Now more than ever, a strong internet connection is a necessity for New College. Students and professors alike need to be able to connect to internet conference calls, as a solid Zoom connection is now almost as crucial to a student’s education as the professor. In this pandemic, a failure to meet the technical challenges presented by online classes is a failure to achieve the central goal of New College: to provide its students with a quality education. In addition, the recreational internet use that the several hundred people living on campus rely on when many avenues of traditional distraction are unable to be enjoyed safely. To keep up with the increasing demands on the network, the Office of Information Technology (IT) has planned a number of improvements to the college’s network to facilitate the increasingly internet-dependent world, but as of right now some students are struggling to stay connected.

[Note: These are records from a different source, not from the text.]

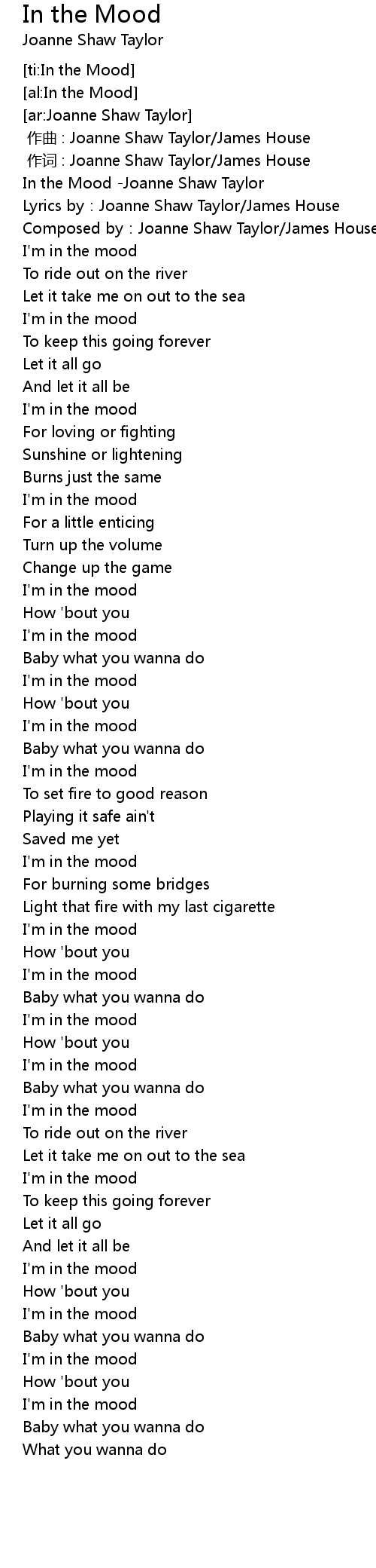 | [00:00.297] | In the Mood -Joanne Shaw Taylor |
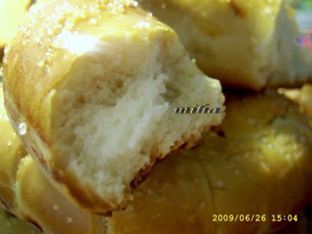 Colacei dulci PrecedentulUrmătorul AperitivFoarte ușor1 h 10 m491 Kcal Trimite unui prieten Printează pagina Adresează o întrebare autorului Postează o poză cu rețeta gătită de tine Ingrediente 4 Prima etapa: 125 ml apa clocotita 50 g zahar 25 g unt A doua etapa: 7 g drojdie uscata 1 lingurita miere 25 ml apa calduta 1 ou esenta vanilie A treia etapa: 425 g faina 1 lingurita sare Cost estimat: 1.04Euros€ (0.26€/porție)
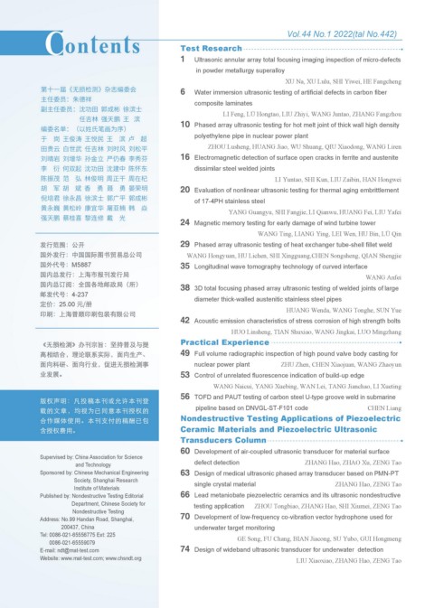 Published by: Nondestructive Testing Editorial 66 Lead metaniobate piezoelectric ceramics and its ultrasonic nondestructive
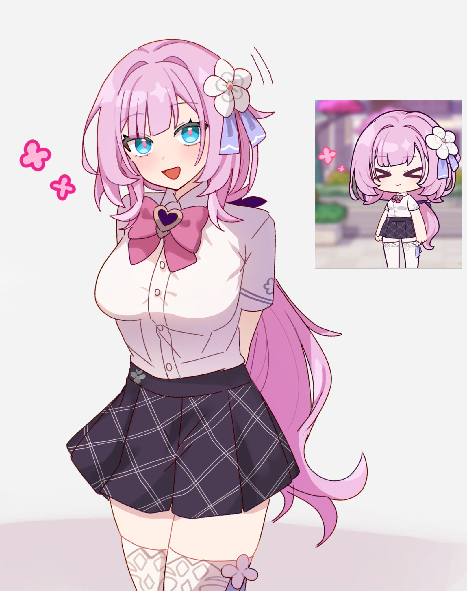 1boy1girlblack skirtblue eyesbreastsflowergame screenshot insethair flowerhair ornamentlarge breastslong hairlooking at viewerminiskirtofficial alternate costumeopen mouthpink hairreference insetshirtsimple backgroundskirtsmilesolothighhighsthighsvery long hairwhite backgroundwhite shirtwhite thighhighs
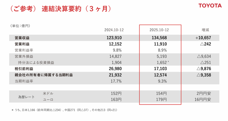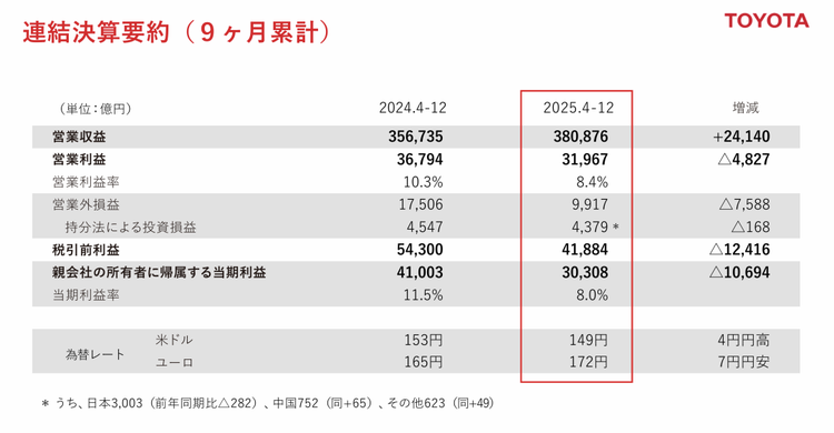 2月6日,丰田发布了2026财年前三季度财报(2025年4-12月):
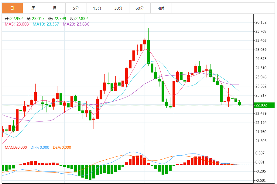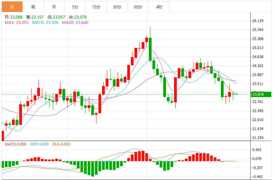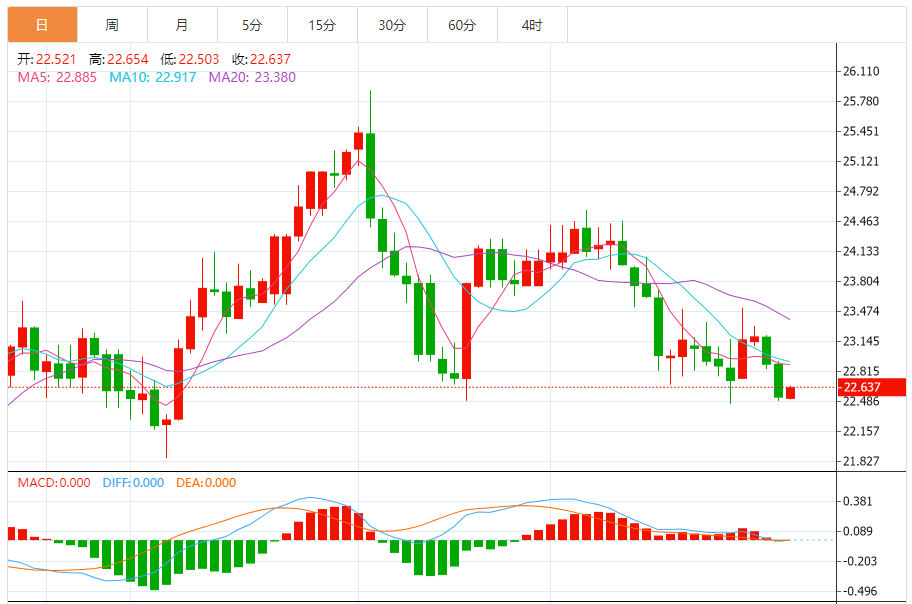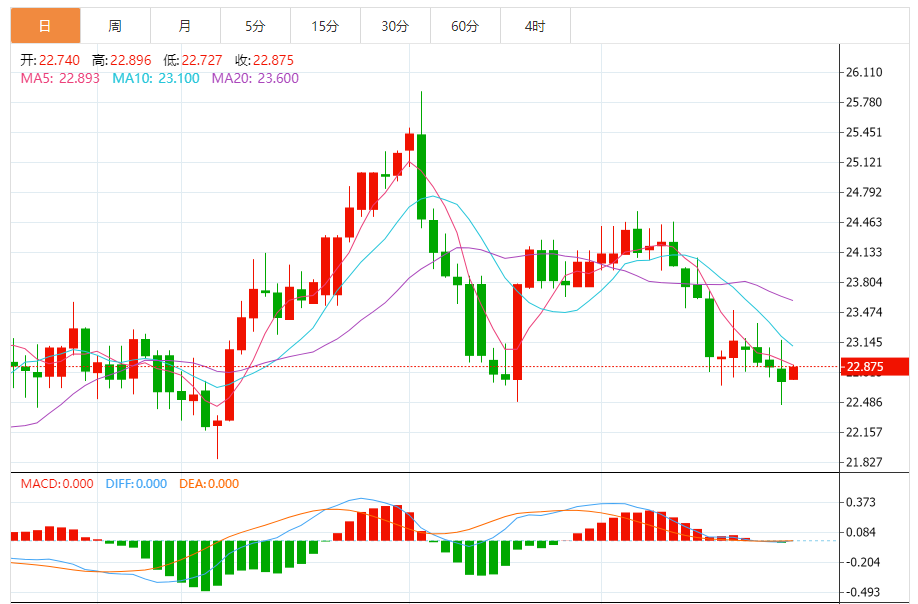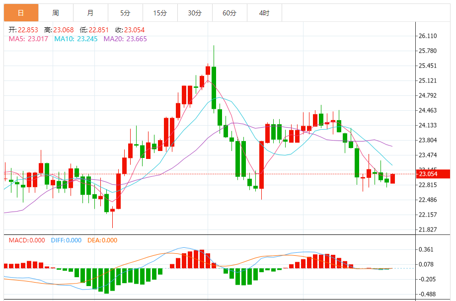 周一盘中,现货白银报22.905,跌幅1.10%。 今日分析:在23.06之下,看跌,目标价位为22.67,然后为22.50。 技术点评:RI技术指标看跌,有进一步下降空间。 支撑位:22.6722.5022.35 阻力位:23.3523.1923.06 (亚汇网编辑:冰凡)

“A few years ago, IT pushed for fortifying the campus backbone and internet access—without any pandemics coming down the road—but just knowing that bandwidth is that resource that is necessary, especially on a residential campus,” Benjamin Foss, director of network services, said. “We’ve invested heavily into communication technology such as Zoom to get the integration with Canvas.”
Beyond the challenge of connecting to lectures, students faced the challenge of how they could access the software they need for their courses. Apps such as Photoshop or ArcGIS can cost hundreds of dollars a year, prohibitively expensive for many students to purchase on their own. Those applications were available on-campus at computer labs, but as many students left campus, the Virtual Desktop, the system that allows students to access a NCF computer from their own, became critical. When first instituted, the Virtual Desktop was only licensed for 20 users at a time, but it has expanded since to accommodate more students.
“We invested in licensing our Virtual Desktop infrastructure, which is basically a remote campus lab,” Foss said. “Students can access software remotely without having to be in the lab itself [and] we increased their license capacity for that.”
The on-campus wireless internet network has been in the process of expansion for some time. As part of NCF’s growth plan, the IT department started preparing the network to be able to accommodate 1200 students. Additionally, IT has begun to upgrade many of the dorms’ wifi networks.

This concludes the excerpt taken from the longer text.